God, she hated him. He was such a stupid sap, and he made her stupid heart flutter when he looked at her like that, and he knew exactly what to say to crack her open completely. Every part of her wanted to forgive him and move on from the entire thing.
"I'm not above begging, you know," he said seriously.
Because, truthfully, he was not, and the silence as he waited for her to give him any indication of what she was feeling was making his heart thunder.
The words drew a watery laugh from her and he smiled a little at the sound. He missed the sound of it — hadn't even really realized how much until he heard it again.
"I want to forgive you so badly it hurts, George," she said honestly, but his heart stopped anyway because he could hear the 'but' coming. "I miss you."
"I miss you too," he said gently, placing so much emotion behind the words that his voice cracked with the truth of them. She closed her eyes to hide the pain, and he had to wipe away another tear. "Tell me what you need, sweetheart. I'll give you anything."
She made a pained noise in the back of her throat.
"I — I can't do this again, George," she said with a shuddering breath. "I can't. Alicia is still —"

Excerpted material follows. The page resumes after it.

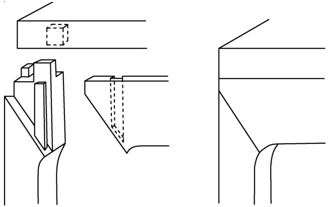 在唐代的绘画中可目睹这类箱型的桌和台座。简练的四面平形制的桌、床和凳早在宋代就已有制造,直到明代仍然持续流行。利用直平的特性,易于将数个四面平单桌平整地连接,拼成一大型宴桌。由于牙条用料在高度及厚度上大增,故四面平式桌型结体所用的榫卯,在构造上不同于有束腰桌型结体者。在桌型变体结构上,腿柱顶端部位需造出多个长榫,榫长不仅长及贯穿牙条的高度,而且还要卯入桌面(或椅盘)边框内。如图4-3所示采用的三碰肩形式,四面平桌中大边、抹头、腿三处汇成一棕角榫结构,在明、清家具中常见。四面平的形制发展可能源自早期的箱型结体。

"Alicia doesn't matter," he said immediately, squeezing her wrist until she opened her eyes again. "I can handle Alicia."
"George —"
He put a hand over her mouth to keep her from talking and she huffed despite herself. A ghost of his grin appeared on his face, but he kept his features serious.
"It won't happen again, Vanessa. I promise you."
She believed him. If only because he adamantly refused to look away from her when he'd said it. And maybe she was just weak at this point because she was so tired of being angry.
She squeezed the wrist of the hand he had still covering her mouth and he removed it, looking for all the world like he was waiting to take a death blow.
"Do I have to pretend to like her?"
He huffed a laugh despite himself.
"No, love," he said. "I wouldn't believe you even if you did."
She initiated the touch this time, resting her forehead on his again, and watching as he released a slow, anxious breath.
"You are, without a doubt, the stupidest man I've ever met, George Weasley," she said truthfully, smiling at him gently. "But I forgive you."